Runtime/trace Fundamentals
The runtime/trace package provides low-level tracing capabilities:
package main
import (
"fmt"
"os"
"runtime/trace"
)
func main() {
// Start tracing
f, err := os.Create("trace.out")
if err != nil {
panic(err)
}
defer f.Close()
if err := trace.Start(f); err != nil {
panic(err)
}
defer trace.Stop()
// Application runs here with tracing active
doWork()
fmt.Println("Trace written to trace.out")
}
func doWork() {
// Simulate some concurrent work
done := make(chan struct{})
for i := 0; i < 100; i++ {
go func() {
defer func() { done <- struct{}{} }()
// Simulate work
sum := 0
for j := 0; j < 1000000; j++ {
sum += j
}
}()
}
// Wait for completion
for i := 0; i < 100; i++ {
<-done
}
}Run and analyze:
go run main.go
go tool trace trace.outThis opens a web-based interactive viewer in your browser.

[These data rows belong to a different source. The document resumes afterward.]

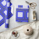 Single image of multiple squares in various shades of blue and gray, is tiled across the paper.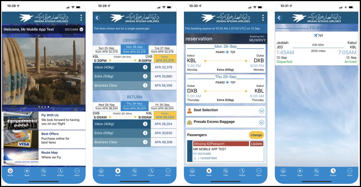 Ariana's mobile app lets you book and manage your travel from your mobile device. You can search for flights to find the lowest available fares, check flight status, and manage your booking.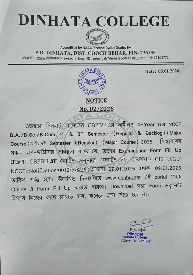 UG NCCF B.A./B.Sc./B.Com. 1st Semester & 3rd Semester (Regular & Backlog), 5th Semester (Regular) Exam Form Fill up With Late Fine start from 07.01.2026 to 09.01.2026 Notice.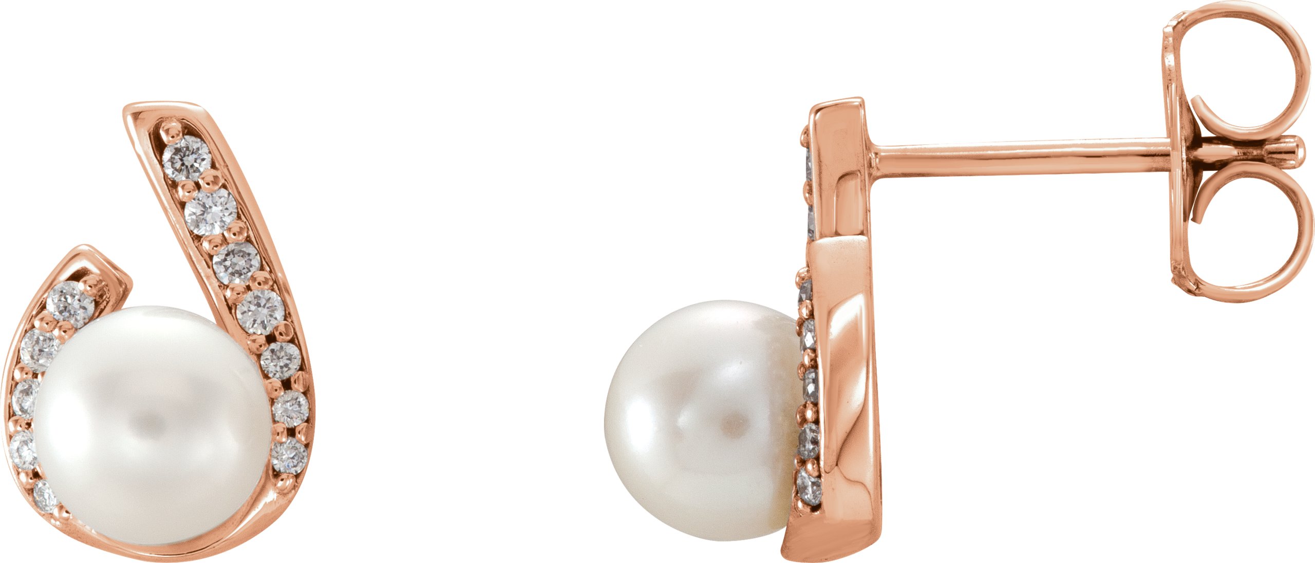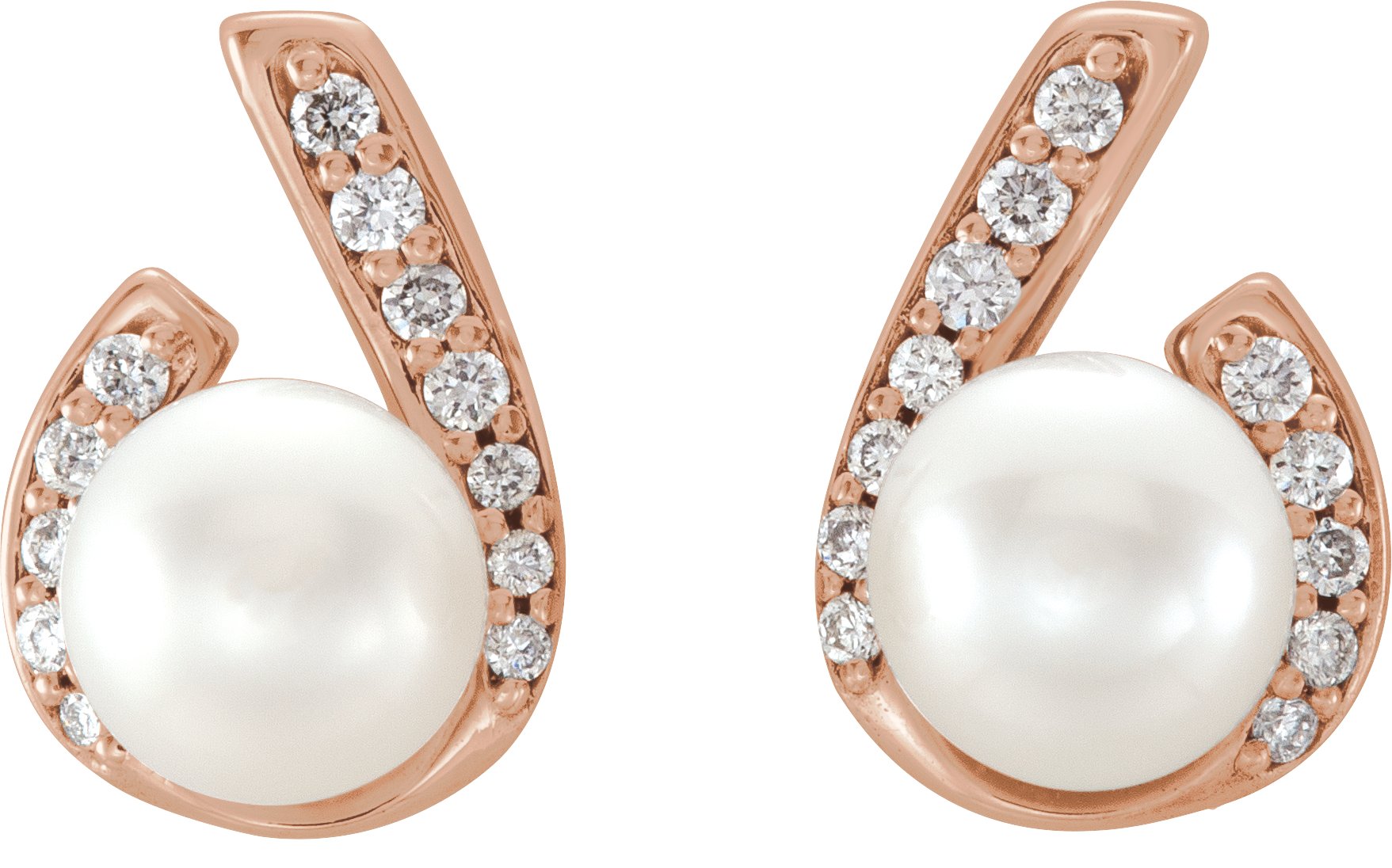 14K Rose Freshwater Pearl & 1/10 CTW Diamond Earrings

Integration with net/http/pprof
For HTTP services, add tracing endpoints:
package main
import (
"net/http"
_ "net/http/pprof"
)
func main() {
// Tracing is available at /debug/pprof/trace
// Capture 5-second trace:
// curl http://localhost:6060/debug/pprof/trace?seconds=5 > trace.out
// go tool trace trace.out
http.HandleFunc("/api/data", func(w http.ResponseWriter, r *http.Request) {
w.Write([]byte("OK"))
})
http.ListenAndServe(":6060", nil)
}Capture traces from running services:
curl http://localhost:6060/debug/pprof/trace?seconds=10 > trace.out
go tool trace trace.outUnderstanding the Trace Viewer
The trace viewer UI displays several critical views:
Goroutine Timeline
Shows each goroutine's execution over time:
- Green: Running on CPU
- Orange: Blocked (network, locks, channels)

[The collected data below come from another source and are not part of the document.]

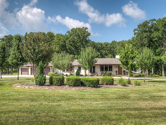 This custom home features a large open floor plan with many upgraded features. Home boasts large kitchen with 2 full sized ovens, custom cabinets, beautiful kitchen island with chiseled edge granite top. Recessed lighting, ceiling fans, wood beams, wide plank wood floors, 11 foot ceilings and faux finished walls create a custom design in the main living area. Built-in entertainment area, wood burning fireplace and generous foyer make this design one-of-a-kind. A window-lined wall with transoms above and a glass pane set of French doors lead to the sunroom with vaulted ceiling. Heated ceramic tile floors in the sunroom allow for extended use in the winter time while view to the pool and mature trees completes your Zen. Another set of French doors leads to your outdoor oasis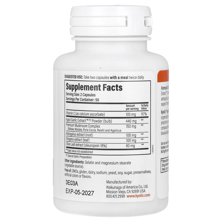 Экстракт выдержанного чеснока от компании Kyolic начинается с 100 % органически† выращенных луковиц чеснока. Затем они выдерживаются до совершенства в уникальном процессе экстракции для уничтожения запаха и создания полезных соединений, которые встречаются только у Kyolic. Это сочетание витаминов, грибов и трав помогает поддерживать здоровый иммунитет.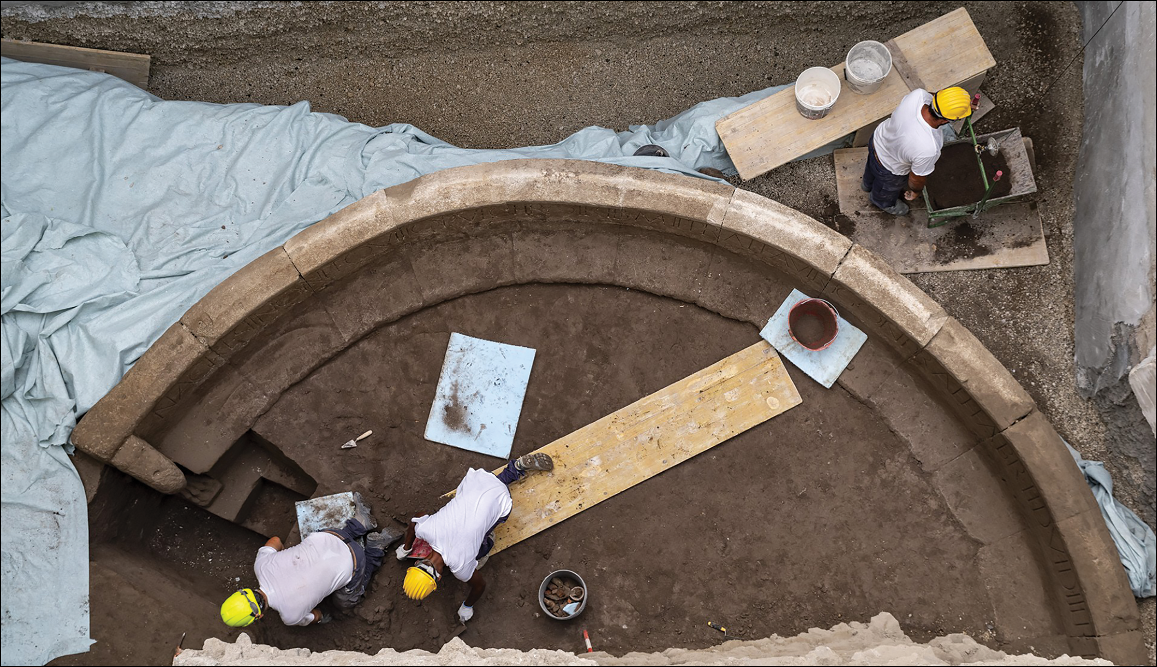 Frontispiece 1. Excavation of a ‘schola' tomb discovered during work on the Pompeii Archaeological Park library building. The monument, dated to the Augustan period (27 BC–AD 14) is dedicated to Numerius Agrestinus; an inscription details his life and career. Among his various titles and roles, Agrestinus was a military tribune, prefect of the Autrygoni (a previously undocumented title), prefect of the engineers and was twice elected to the position of duumvir, one of the city’s two leading magistrates. Unusually, Agrestinus was already known from another funerary inscription erected by his wife, Veia Barchilla; the city council seems to have subsequently decided to honour Agrestinus with a second monument on public land. © Photograph courtesy of the Ministry of Culture-Pompeii Archaeological Park; reproduction prohibited.
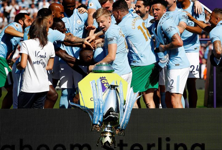 曼城的津琴科在颁奖前离英超奖杯太近了,不小心把它撞到了草地上。2018年5月6日。摄影师:Carl Recine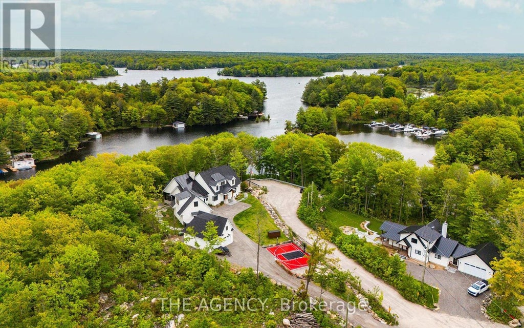 An architectural masterpiece on Gloucester Pool, this stunning waterfront retreat is a seamless blend of modern luxury & natural beauty. Designed by award-winning David Small Designs & crafted by Profile Custom Homes, this year-round sanctuary offers ultimate privacy, impeccable craftsmanship & breathtaking views. Step into the dramatic 2-story foyer, where soaring ceilings & open-concept design set the stage for effortless entertaining. The expansive living space flows seamlessly to a spacious deck featuring an outdoor kitchen & BBQ, perfect for hosting under the stars. A true showstopper, the Muskoka Room boasts a grand stone wood-burning fireplace & beverage station, creating the ultimate space for relaxation. The main level is anchored by a serene primary suite with spa-like 5-pc ensuite & generous walk-in closet. A stylish home office/library, dreamy laundry room & mudroom with built-in pet wash station & thoughtfully designed spaces add to the homes exceptional functionality. Upstairs, four additional bedrooms & two bathsoffer comfort & privacy, while a versatile loft provides extra space for work or play. The lower level is designed for entertainment & rejuvenation, featuring a spacious rec & games area with bar, two additional bedrooms, a full bath, private gym & ample storage. Walk out to a flagstone patio with serene water views, making every moment feel like a getaway. This property is equipped with state-of-the-art mechanicals, net-zero certification with solar & stunning granite pathways leading to a custom-designed sports court. A detached workshop with additional vehicle storage completes this extraordinary offering. Located on the Trent Severn Waterwayjust one lock from Georgian Baythis rare find provides convenient access to golf courses, skiing, shopping, and restaurants. With easy access to Highway 400 and just 1.5 hours from the GTA, this waterfront dream home is an unparalleled opportunity to own a piece of paradise. (id:6289)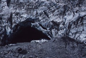 That tunnel is tall enough to drive a city bus into, but you wouldn't want to: that ice on the right side was crashing down as I watched. |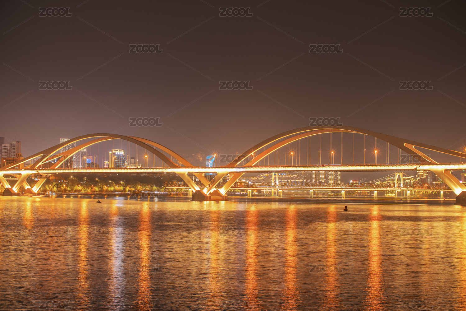 广州番禺新光大桥夜景灯光星芒江边倒影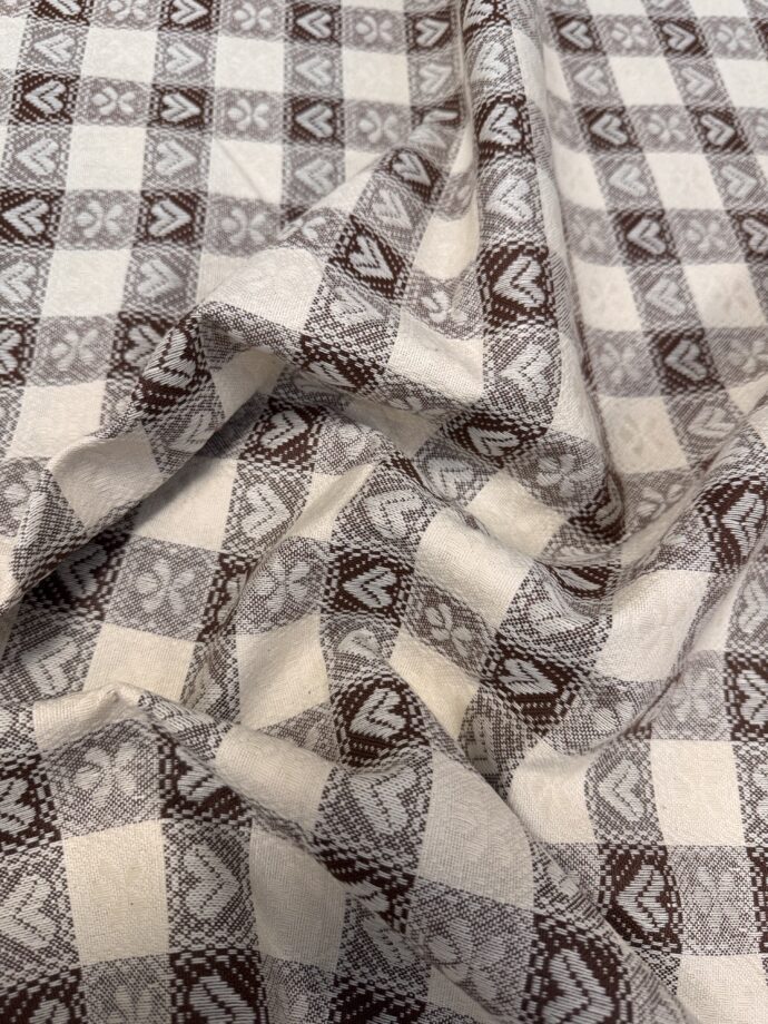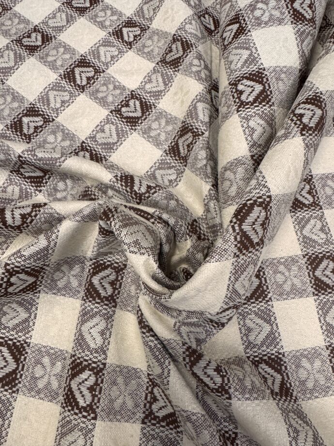 Scopri il nostro tessuto in cotone effetto jacquard, tinto in filo nelle raffinate sfumature del panna e del marrone caratterizzato dalla tipica fantasia tirolese. Perfetto per realizzare tovagliati, questo tessuto si integra armoniosamente in ambienti classici e rustici, aggiungendo un tocco di calore e tradizione. Scegli questo tessuto per creare atmosfere accoglienti e dal fascino senza tempo.

- Gray: Runnable but waiting for CPU
Network Blocking Profile
Displays I/O operations and their duration:
package main
import (
"io"
"net"
"os"
"runtime/trace"
)
func main() {
f, _ := os.Create("trace.out")
defer f.Close()
trace.Start(f)
defer trace.Stop()
// Network I/O appears in trace
conn, _ := net.Dial("tcp", "example.com:80")
defer conn.Close()
io.Copy(io.Discard, conn)
}In the trace viewer, you'll see network blocking times annotated.
GC Events
The trace captures every garbage collection:
package main
import (
"fmt"
"os"
"runtime"
"runtime/trace"
)
func main() {
f, _ := os.Create("trace.out")
defer f.Close()
trace.Start(f)
defer trace.Stop()
// Trigger allocations to see GC in trace
for i := 0; i < 10; i++ {
data := make([]byte, 10000000)
_ = data
}
var m runtime.MemStats
runtime.ReadMemStats(&m)
fmt.Printf("GC runs: %d\n", m.NumGC)
}Trace shows:
- Mark phase duration
- Sweep phase duration
- GC pause times
- Goroutines blocked by GC
Programmatic Task and Region Tracking
Use tasks and regions to annotate your trace:
package main
import (
"context"
"fmt"
"os"
"runtime/trace"
)
func processRequest(ctx context.Context, id int) {
// Create a task for this logical unit of work
task := trace.NewTask(ctx, fmt.Sprintf("request-%d", id))
defer task.End()
// Create regions within the task
trace.WithRegion(ctx, "parseInput", func() {
// Simulate input parsing
sum := 0
for i := 0; i < 100000; i++ {
sum += i
}
})
trace.WithRegion(ctx, "processData", func() {
// Simulate processing
sum := 0
for i := 0; i < 1000000; i++ {
sum += i
}
})
trace.WithRegion(ctx, "formatOutput", func() {
// Simulate formatting
_ = fmt.Sprintf("Result: %d", 42)
})
}
func main() {
f, _ := os.Create("trace.out")
defer f.Close()
trace.Start(f)
defer trace.Stop()
ctx := context.Background()
// Process multiple requests to see concurrent execution
for i := 0; i < 50; i++ {
go processRequest(ctx, i)
}
// Wait for completion
select {}
}In the trace viewer, click the "Trace" tab to see execution flow with your custom regions highlighted.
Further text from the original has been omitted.